First step done in https://github.com/openssl/openssl/pull/24499

@mouse07410 The list of default-active sigalgs is indeed documented in SSL_CONF_cmd(3), though not in a way that it can be written down immediately. Also, it's dependent on the activated providers (as clarified in the PR above just created) which is tedious but a consequence of the dynamic provider concept.

@beldmit Are you aware of a facility within openssl to extract all such (currently registered) algorithm combinations along the lines (but extending to all permitted configurable sigalg combinations) of openssl list -signature-algorithms?

[baentsch]

And another question if I may, @beldmit : Do you know where the semantics of "..." is documented as you used it in your "crypto_policy" example above? When "playing around" with a .cnf file now generated as part of an enhanced oqsprovider generator script, these three dots make a massive difference as to what works and what doesn't.

[beldmit]

@baentsch In Fedora we ship oqsprovider/liboqs and have the corresponding PQ policy. Currently it provides all the algorithms supported by liboqs

[baentsch]

@baentsch In Fedora we ship oqsprovider/liboqs and have the corresponding PQ policy.

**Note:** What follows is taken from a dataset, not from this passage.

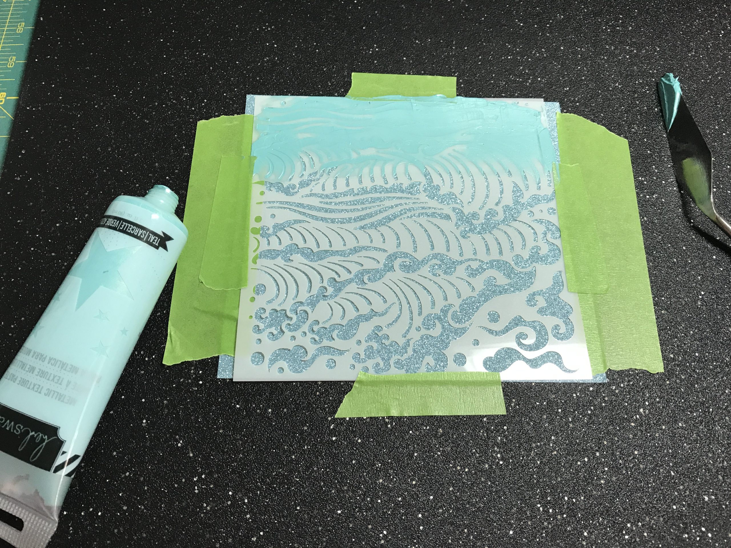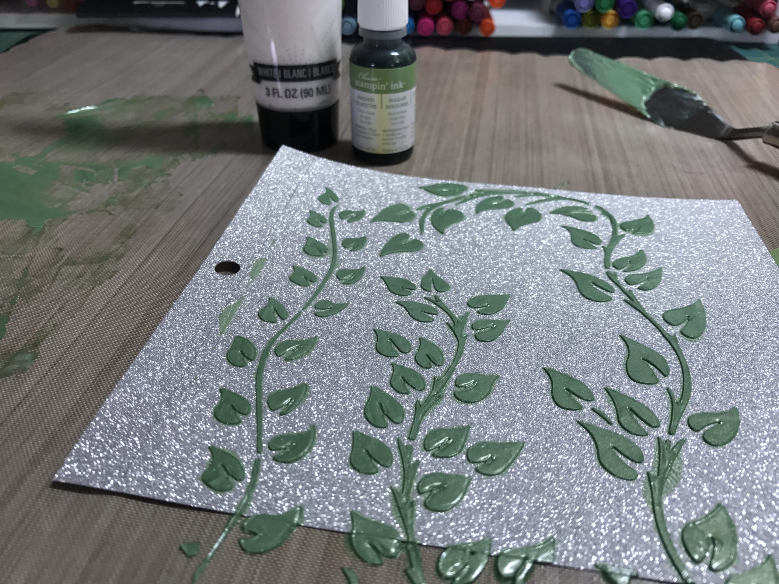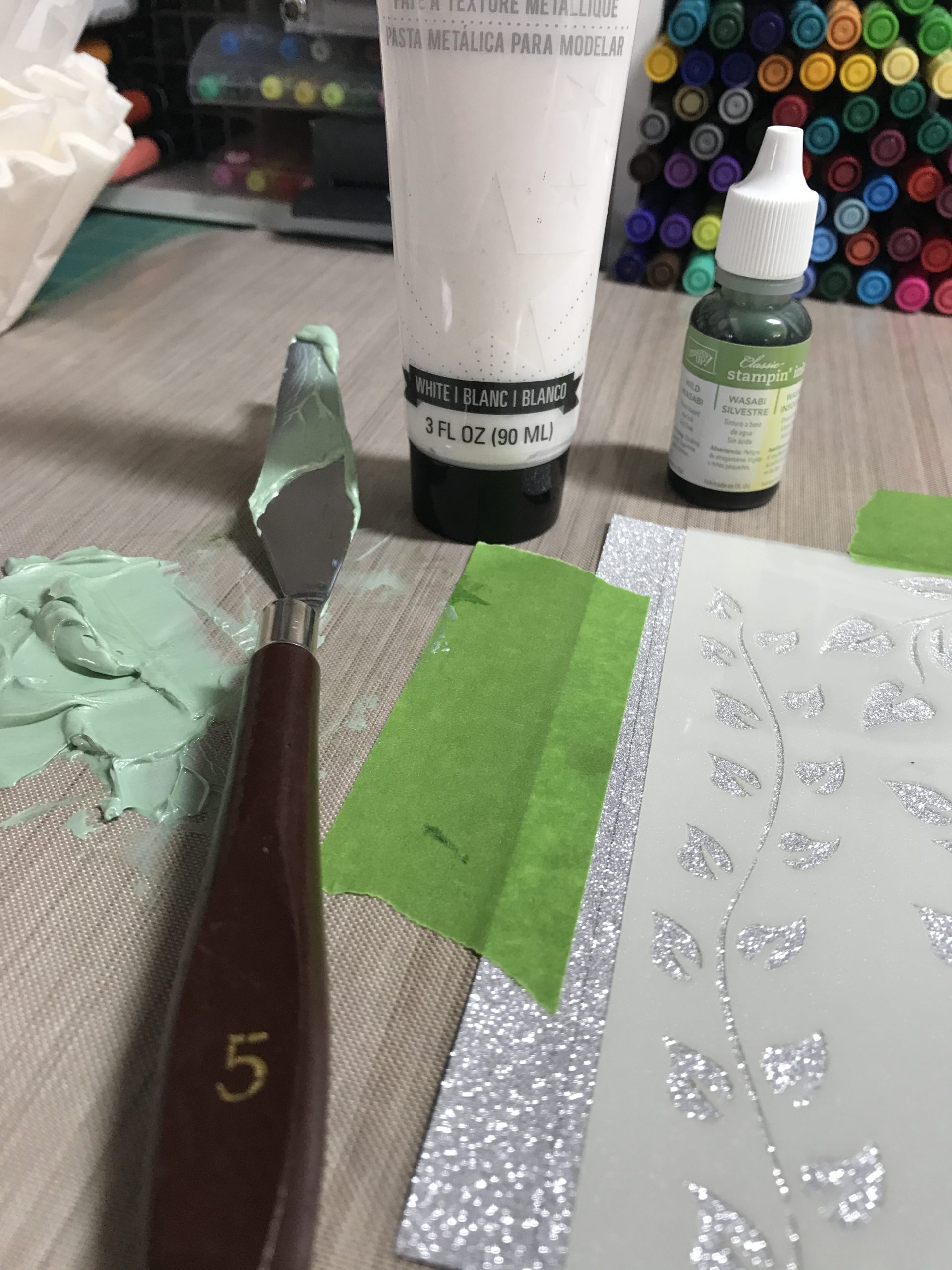 Day 5 in the Sparkle & Shine class is all about techniques with Paste and Mousse. I used some of my stencils and my paste that I’ve had in my stash for many years. It’s really been a lot of fun to get to learn new techniques. One of my favorites was using texture paste on glitter cardstock. I used 3 different glitter cardstocks to create 3 very different looks.

Thanks for letting me know, but my question pertains to openssl (config options in general). Should we create a separate discussion item there?

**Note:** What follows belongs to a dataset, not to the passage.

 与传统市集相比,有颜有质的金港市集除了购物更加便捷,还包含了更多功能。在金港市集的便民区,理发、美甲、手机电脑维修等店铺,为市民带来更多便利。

Currently it provides all the algorithms supported by liboqs

So does this mean you disable there all hybrid and composite algs, thus working around this issue by supporting fewer than 64 sigalgs?

[mouse07410]

The list of default-active sigalgs is indeed documented in SSL_CONF_cmd(3), though not in a way that it can be written down immediately.

Which is one of my points - a user would have to figure out how to write them down in a proper form. I don't think such an expectation is reasonable.

Also, it's dependent on the activated providers (as clarified in the PR above just created) which is tedious but a consequence of the dynamic provider concept.

Which is my other point - we can't get away from dynamic providers (nor do we want to), so the process becomes not merely tedious, but requiring an expert.

I say again - this is a nice theoretic solution that has no room in the ugly practical world.